Setelah belanja buku dan ngobrol di kafe di bawah toko buku, kami berpisah dengan janji untuk bertemu lagi di lain kesempatan.
Di rumah, saya disambut Arvin (4 tahun kurang 2 bulan), dan saya tunjukkan buku-buku hadiah dari Mbak Eni itu padanya. Bello rupanya yang pertama menarik perhatiannya. Dalam waktu beberapa jam saja setelah saya bacakan, Arvin cepat hafal adegan demi adegan dan kata-kata kunci dalam buku ini.
'Pemburunya bawa apa?'
'Bawa salingan,' sahutnya dengan suara cadel.
'Jaring, Nak. Bukan saringan.'
'Bello dan teman-temannya mau ke mana?'
'Ke Hutan Balat.'
'Habis itu ngapain?'
'Lihat kupu-kupu.'
'Apa lagi, Sayang?'
'Capung.'
'Bello kaget waktu wajahnya kena sorot...?'
'Sentel.' Maksudnya, lampu senter.
Begitulah respons Arvin. Dia paling suka ketika saya memeragakan adegan saat Bello terkejut karena tersorot sinar lampu senter pemburu. 'Aduh, silau!' Saya memeragakan adegan itu dengan gaya yang bisa membuat Arvin tetap mengikuti jalan cerita sampai selesai. Dan Arvin selalu tergelak setiap kali saya dan dia menirukan kalimat itu.
Saya rasa, misi Jackson sukses dengan buku ini. Pesannya sampai pada pembaca cilik. Dan karena itulah, saya merasa perlu membaginya melalui blog ini.

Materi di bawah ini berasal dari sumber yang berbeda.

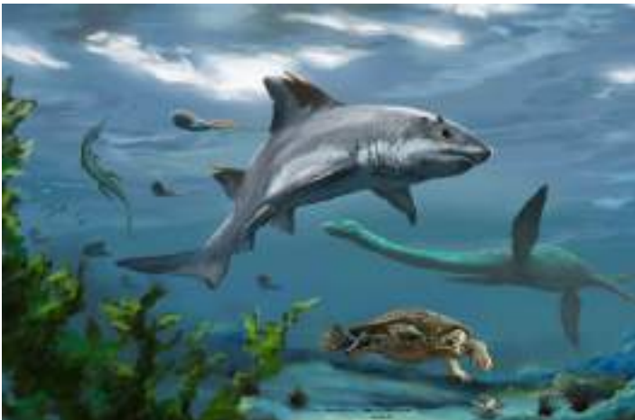
Por Jorge Blanco

El registro fósil de los condriictios del Mesozoico en el norte de Sudamérica es escaso y poco conocido. Carrillo-Briceño y colaboradores descubrieron dos espinas de la aleta dorsal de un tiburón Hybodontidae del Cretácico Inferior de Colombia en la Formación Rosablanca, Zapatoca, Santander. La presencia de amonitas, tortugas, plesiosaurios e ictiosaurios asociados a este condriictio sugieren que dicha zona se encontraba sumergida bajo el mar en ese entonces. Aunque la fragmentación de ambas

Saat memulai menulis review, saya sudah lupa bagaimana caranya. Oh ya, buka saja folder resensi di laptop. Enam-tujuh tahun yang lalu saya pernah menulis resensi buku di Kompas Anak (resensi buku anak di sini lebih pada ulasan dan sinopsis, tidak serumit resensi buku-buku umum untuk pembaca usia dewasa). Ah, jadi rindu masa-masa ketika Kompas Anak masih terbit mingguan di harian Kompas, ketika saya menjadi bagian dari kontributor naskah di sana. Sedih mengingat Kompas Anak berhenti terbit pada Februari 2016.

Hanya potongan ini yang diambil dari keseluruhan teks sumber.